That it is a struggle to select what is typical and traditional about being Australian admits the simplicity of the happy-go-lucky, egalitarian Australian persona. Gaining a sense of place in the world, and the pursuit of self-knowledge, requires going deeper than stereotypes. The twelve design practices exhibiting in The Other Hemisphere this year idiosyncratically explore what it means to be other and to come from the other place. The works come together under the theme of ‘simplified’. The result is an exhibition of works that are stripped back, pared down and uncomplicated, either in their approach or aesthetic.

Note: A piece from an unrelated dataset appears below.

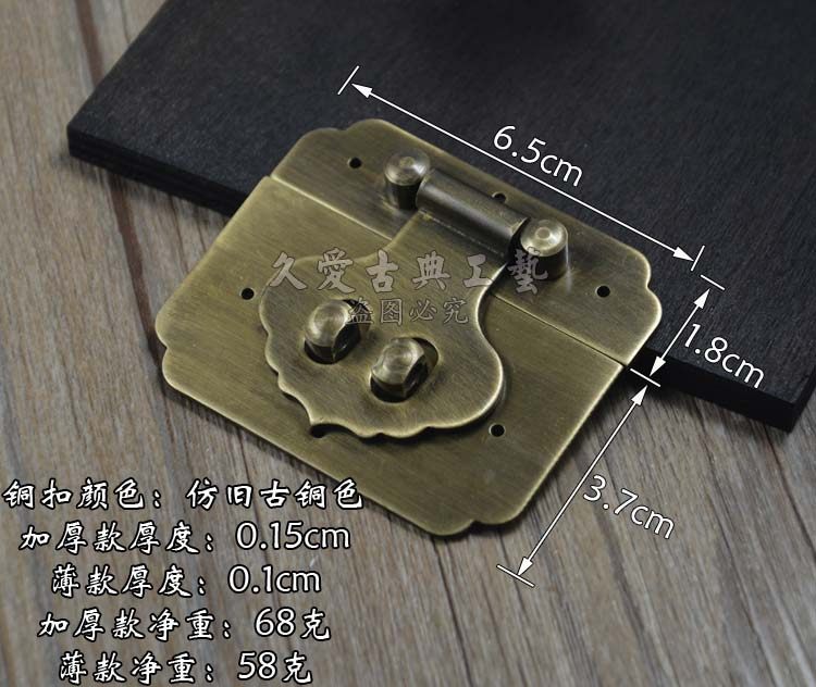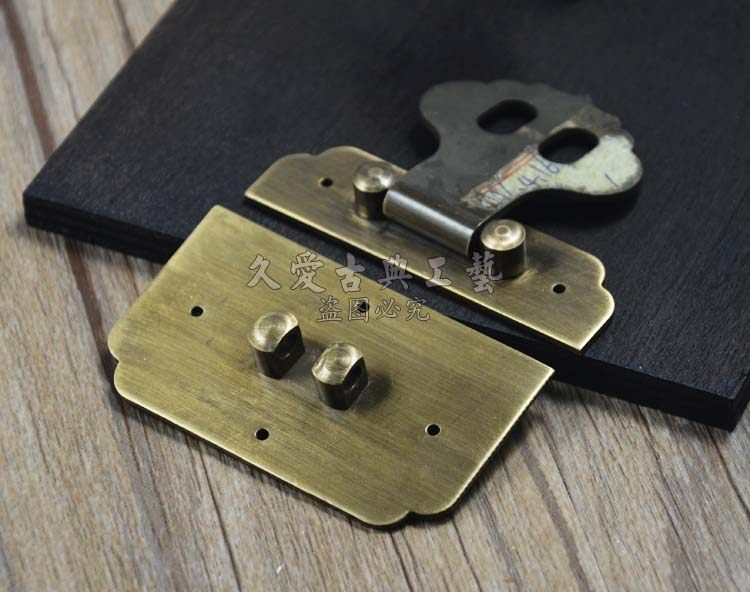 Chinese copper box buckle 6 CM antique copper lock wooden box lock box lock brass plate copper plate

Over half of the design practices exhibiting in The Other Hemisphere are collaborative. Sarah K believes this is representative of the way the best design thinking is headed. Acknowledging the collaboration behind a work is also a more honest approach to designing, making and exhibiting. Sarah K sees a shift away from today’s culture of the individual ‘design hero’ towards one that reflects the collective culture of sharing that has evolved through use of the internet, as well as transport which has improved access to materials and local knowledge in different locations, and increasing specialisation among skilled craftspeople – all of which have meant more of us exchanging ideas, in more places, in more ways, and more often than before. This year’s edition of The Other Hemisphere aptly represents those collaborative processes.

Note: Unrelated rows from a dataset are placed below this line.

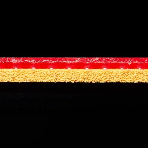 Thus the ball can faster make its way to the target – this enables the player to generate more pace while less energy is needed (PACE PERFORMANCE). The HEXER-sponge of the fourth TENSOR-generation provides the dynamics you search for and strokes from all table distances will be routine. For
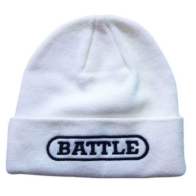 Batman Property of Arkham Knit Beanie With Cuff And Rectangle Leather Patch, Black
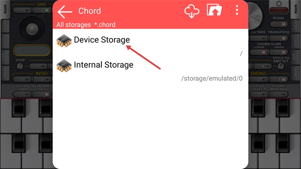4、在存储选择界面点击【DeviceStorage】,进入设备存储查看和弦文件。
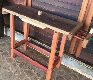 Bancada para marceneiro hobby, travada, com 1 morsa. Sendo 1 frontal (no tampo) e gaveta opcional.

The Other Hemisphere has itself been knitted together through collaboration with various partners. The exhibition’s principal partner, designEx, will bring The Other Hemisphere back to Australia for designEx in Sydney, May 2014. Vollenberg and Konings will join Sarah K at designEx this year as part of its speaker series. The Other Hemisphere is also collaborating with Australian botanicals behemoth Aesop, Melbourne amenity bag designers Buzz Products and Aboriginal textile brand Gaawaa Miyay to produce a ‘travel kit’ for visitors to Ventura Lambrate. The kit will be sold through The Other Hemisphere’s online Campaign Store and proceeds will fund the exhibition. Melbourne coffee legend St Ali will bring the Melbourne coffee experience, and a taste of the other hemisphere, to Milan, with an espresso bar integrated into the heart of The Other Hemisphere’s gallery space. Coffee will be served out of beautiful porcelain espresso cups produced by The Other Hemisphere in collaboration with Sydney-based The Fortynine Studio. Assemble Papers is proud to be the exhibition’s media partner and co-conspirator in bringing the associated print publication to life.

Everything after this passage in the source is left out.